How to complete this task: Your answer must be only the lines below from the one containing "東莞市紅泰五金制品有限公司,公司占地六千" through the one containing "белые гладиолусы - 9", copied exactly, with the pictures left out.

Task inputs:
+++++
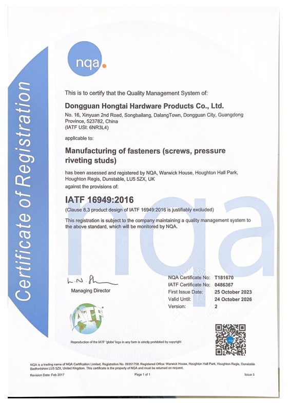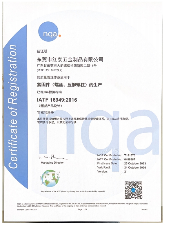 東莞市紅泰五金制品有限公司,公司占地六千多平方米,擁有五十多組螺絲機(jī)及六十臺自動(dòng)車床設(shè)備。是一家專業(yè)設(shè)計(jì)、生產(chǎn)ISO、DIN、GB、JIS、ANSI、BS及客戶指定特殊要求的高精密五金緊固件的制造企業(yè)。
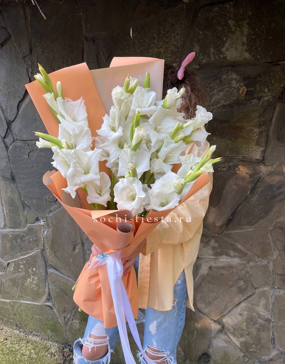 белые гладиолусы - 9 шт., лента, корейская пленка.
+++++
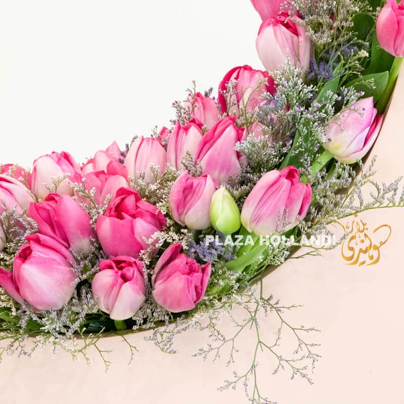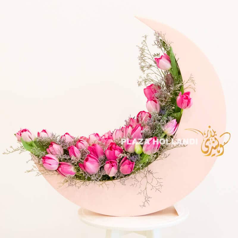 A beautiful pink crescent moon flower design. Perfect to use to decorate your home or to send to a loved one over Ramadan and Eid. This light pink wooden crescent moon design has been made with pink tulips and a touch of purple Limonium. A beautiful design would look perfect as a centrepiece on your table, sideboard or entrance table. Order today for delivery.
+++++
Task answer:
 東莞市紅泰五金制品有限公司,公司占地六千多平方米,擁有五十多組螺絲機(jī)及六十臺自動(dòng)車床設(shè)備。是一家專業(yè)設(shè)計(jì)、生產(chǎn)ISO、DIN、GB、JIS、ANSI、BS及客戶指定特殊要求的高精密五金緊固件的制造企業(yè)。
 белые гладиолусы - 9 шт., лента, корейская пленка.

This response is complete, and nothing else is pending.